The Open-Source AI Test: Download Tencent's Hy3, See If It Holds Up
Tencent released its first flagship AI model on Thursday, and unlike most announcements from major labs, this one comes with a quirk: you can download the weights and test it yourself.
Hy3, formally Hunyuan 3.0 Preview, is a 295-billion-parameter mixture-of-experts model that activates 21 billion parameters per forward pass. The numbers are notable on their own. On SWE-bench, a benchmark that tests whether an AI model can resolve real software engineering problems from open-source repositories, Hy3 scored 74.4 percent, up from 53 percent for the prior generation, according to the company's model card on HuggingFace. On LiveCodeBench-v6, a continuously evaluated coding benchmark, the model posted 34.86, which Tencent claims is the highest in their comparison table.
Training began at the end of January 2026 and shipped April 23, a sub-three-month cycle that stands out against typical flagship development timelines. The project is led by Yao Shunyu, who joined Tencent as chief AI scientist in late 2025 after leaving OpenAI, where he worked on the GPT-4 team.
What makes this different from most model announcements is the open-source approach. Tencent posted the Hy3 preview weights on HuggingFace for free download, and the model is also accessible via OpenRouter under the name Hy3preview. Most frontier model releases from major labs stay behind APIs or wait for staged weight releases; Tencent shipped open weights on the same day the announcement went out.
The technical configuration is a deliberate choice in the scaling debate. Rather than push toward trillions of parameters, Tencent built a model with 192 experts, activating eight per token, sitting at the 295-billion-parameter total. Yao has said publicly that the sweet spot for the current generation of hardware sits around 300 billion parameters, a view that puts Tencent explicitly on one side of an ongoing argument in AI research about where the efficiency gains are.

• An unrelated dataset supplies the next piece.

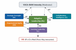 This study proposes and empirically tests an integrated adaptive leadership model that synthesizes four critical leadership capabilities: Strategic Foresight, Organizational Agility, Learning Leadership, and Collaborative Intelligence. The model aims to explain how these interrelated capabilities enable organizations to effectively respond to and thrive within VUCA–BANI environments.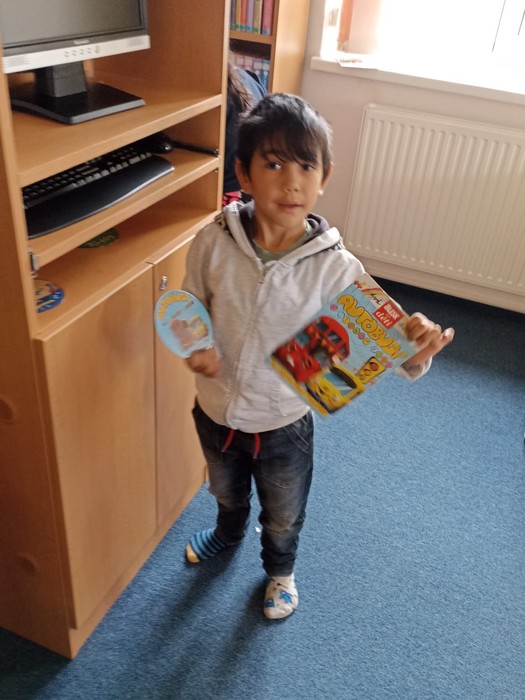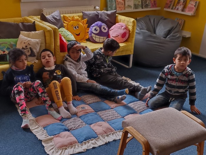 Příběh O neuklízených hračkách nám pomohl vyřešit dinosaurus se žlutou mašlí a děti prokázaly, že umí uklidit hračky, knihy, cédéčka i polštářky - a knihovna byla hned jako malovaná.

The benchmark results Tencent is most proud of concern agentic workflows, the kind of multi-step tasks that matter for real applications rather than standardized tests. According to Jianshi App, which spoke with people familiar with the internal deployment, Hy3 has powered agent workflows of up to 495 steps in Tencent's own products, with a reported success rate above 99.99 percent on tasks using the company's CodeBuddy and WorkBuddy tools. First-token latency dropped 54 percent compared to the prior generation, and end-to-end task duration fell 47 percent.
The SWE-bench number is where independent data exists. The benchmark's validated leaderboard shows Tencent's 74.4 percent sits between QWQ-32B at 75.6 percent and o1 at 74.4 percent, which is a competitive position relative to both open-source and frontier closed models. The LiveCodeBench-v6 score of 34.86 is self-reported against a table Tencent compiled, not a public leaderboard, which means it cannot be independently verified without running the same evaluation suite.
The OpenClaw benchmark numbers are the most curious gap. Tencent cited agentic performance figures from OpenClaw's own evaluation framework, which is an independent benchmark run by OpenClaw, not Tencent. That is a meaningful citation structure: an external evaluator rather than internal testing. But the specific numbers were provided by Tencent in their announcement, not pulled directly from the OpenClaw leaderboard, and OpenClaw did not independently publish results for Hy3 as part of the model release.
Yao's trajectory is what makes the timeline surprising. He spent years at OpenAI on reasoning and agentic systems before leaving, and joining Tencent in late 2025 meant inheriting an existing Hunyuan codebase and team. The sub-three-month training run suggests Yao did not start from scratch but rather built on an existing foundation. That context matters for the question the industry is quietly asking: can you transplant AI capabilities by hiring the people who built them, or does the moat live in the organization, not the individuals?
The answer, for now, is that Hy3 posts competitive numbers and the weights are available to test that claim. Whether the performance holds outside Tencent's own infrastructure is exactly the kind of question open weights exist to answer. The model card is live, the benchmarks are published, and the code is downloadable. The verification is not done. It is just available.